Problem to work on -
If a line of the data below contains the string "week", copy it into your answer.

Data in this exercise -

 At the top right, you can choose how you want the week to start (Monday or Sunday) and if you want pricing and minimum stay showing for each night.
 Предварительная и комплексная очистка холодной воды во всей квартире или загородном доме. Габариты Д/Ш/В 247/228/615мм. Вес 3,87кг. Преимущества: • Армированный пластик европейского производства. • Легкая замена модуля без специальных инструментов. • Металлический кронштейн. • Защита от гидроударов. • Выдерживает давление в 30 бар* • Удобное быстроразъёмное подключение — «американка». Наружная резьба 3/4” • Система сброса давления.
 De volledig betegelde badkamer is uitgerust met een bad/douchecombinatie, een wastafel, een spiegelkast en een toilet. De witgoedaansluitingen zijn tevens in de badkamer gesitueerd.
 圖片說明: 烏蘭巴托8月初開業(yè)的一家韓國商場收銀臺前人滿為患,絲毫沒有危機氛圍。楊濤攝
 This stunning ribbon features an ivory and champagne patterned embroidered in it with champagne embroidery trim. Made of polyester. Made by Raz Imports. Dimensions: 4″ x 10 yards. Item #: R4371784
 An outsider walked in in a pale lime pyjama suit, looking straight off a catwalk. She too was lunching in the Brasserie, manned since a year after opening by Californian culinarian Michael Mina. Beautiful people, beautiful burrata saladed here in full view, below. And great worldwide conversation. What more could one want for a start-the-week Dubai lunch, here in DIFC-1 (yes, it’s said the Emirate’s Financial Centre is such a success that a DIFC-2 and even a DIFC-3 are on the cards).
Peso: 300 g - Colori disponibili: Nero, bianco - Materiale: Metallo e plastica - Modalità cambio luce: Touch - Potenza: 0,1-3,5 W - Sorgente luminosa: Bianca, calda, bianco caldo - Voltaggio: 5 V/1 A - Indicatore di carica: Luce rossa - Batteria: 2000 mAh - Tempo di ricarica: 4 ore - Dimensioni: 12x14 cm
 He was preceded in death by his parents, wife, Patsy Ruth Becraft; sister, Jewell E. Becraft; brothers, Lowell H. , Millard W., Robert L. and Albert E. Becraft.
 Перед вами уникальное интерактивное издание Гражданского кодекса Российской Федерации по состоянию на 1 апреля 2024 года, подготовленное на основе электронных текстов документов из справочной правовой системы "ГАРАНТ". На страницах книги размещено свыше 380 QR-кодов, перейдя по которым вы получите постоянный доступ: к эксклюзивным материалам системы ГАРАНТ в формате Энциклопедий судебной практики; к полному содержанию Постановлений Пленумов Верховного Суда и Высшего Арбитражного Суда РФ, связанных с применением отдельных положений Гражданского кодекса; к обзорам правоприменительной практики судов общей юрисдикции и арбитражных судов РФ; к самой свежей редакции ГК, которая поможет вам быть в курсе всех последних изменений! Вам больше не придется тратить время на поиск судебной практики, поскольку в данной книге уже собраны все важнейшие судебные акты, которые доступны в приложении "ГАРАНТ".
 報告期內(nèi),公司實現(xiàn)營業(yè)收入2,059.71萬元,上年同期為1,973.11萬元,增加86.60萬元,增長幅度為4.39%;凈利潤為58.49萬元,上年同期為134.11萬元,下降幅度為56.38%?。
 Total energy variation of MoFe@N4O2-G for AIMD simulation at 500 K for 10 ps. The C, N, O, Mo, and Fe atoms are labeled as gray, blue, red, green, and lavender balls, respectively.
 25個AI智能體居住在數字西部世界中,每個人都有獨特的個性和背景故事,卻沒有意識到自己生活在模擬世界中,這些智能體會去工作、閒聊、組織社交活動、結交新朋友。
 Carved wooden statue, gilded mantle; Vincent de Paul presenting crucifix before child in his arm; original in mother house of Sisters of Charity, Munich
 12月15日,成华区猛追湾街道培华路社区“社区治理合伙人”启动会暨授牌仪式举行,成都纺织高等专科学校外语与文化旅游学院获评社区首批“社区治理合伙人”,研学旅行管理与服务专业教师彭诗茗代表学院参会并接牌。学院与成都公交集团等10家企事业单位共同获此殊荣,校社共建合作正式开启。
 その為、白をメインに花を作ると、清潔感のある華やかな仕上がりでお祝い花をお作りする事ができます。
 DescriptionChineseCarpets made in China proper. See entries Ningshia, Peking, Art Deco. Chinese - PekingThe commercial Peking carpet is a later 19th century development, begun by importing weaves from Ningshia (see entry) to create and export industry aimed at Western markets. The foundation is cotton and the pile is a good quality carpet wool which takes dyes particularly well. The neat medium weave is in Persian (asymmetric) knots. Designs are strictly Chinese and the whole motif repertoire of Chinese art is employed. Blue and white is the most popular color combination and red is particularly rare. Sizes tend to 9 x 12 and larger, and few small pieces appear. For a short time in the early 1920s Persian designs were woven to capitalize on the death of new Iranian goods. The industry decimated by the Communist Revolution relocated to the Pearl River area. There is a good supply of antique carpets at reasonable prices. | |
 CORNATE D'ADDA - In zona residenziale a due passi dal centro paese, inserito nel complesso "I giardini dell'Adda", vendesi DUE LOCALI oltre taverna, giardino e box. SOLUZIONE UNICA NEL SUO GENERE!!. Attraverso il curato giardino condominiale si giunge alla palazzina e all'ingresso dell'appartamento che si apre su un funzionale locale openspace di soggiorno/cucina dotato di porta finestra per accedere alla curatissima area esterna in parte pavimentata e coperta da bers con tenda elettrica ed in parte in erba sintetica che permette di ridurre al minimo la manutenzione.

Result for this exercise -
 At the top right, you can choose how you want the week to start (Monday or Sunday) and if you want pricing and minimum stay showing for each night.
 An outsider walked in in a pale lime pyjama suit, looking straight off a catwalk. She too was lunching in the Brasserie, manned since a year after opening by Californian culinarian Michael Mina. Beautiful people, beautiful burrata saladed here in full view, below. And great worldwide conversation. What more could one want for a start-the-week Dubai lunch, here in DIFC-1 (yes, it’s said the Emirate’s Financial Centre is such a success that a DIFC-2 and even a DIFC-3 are on the cards).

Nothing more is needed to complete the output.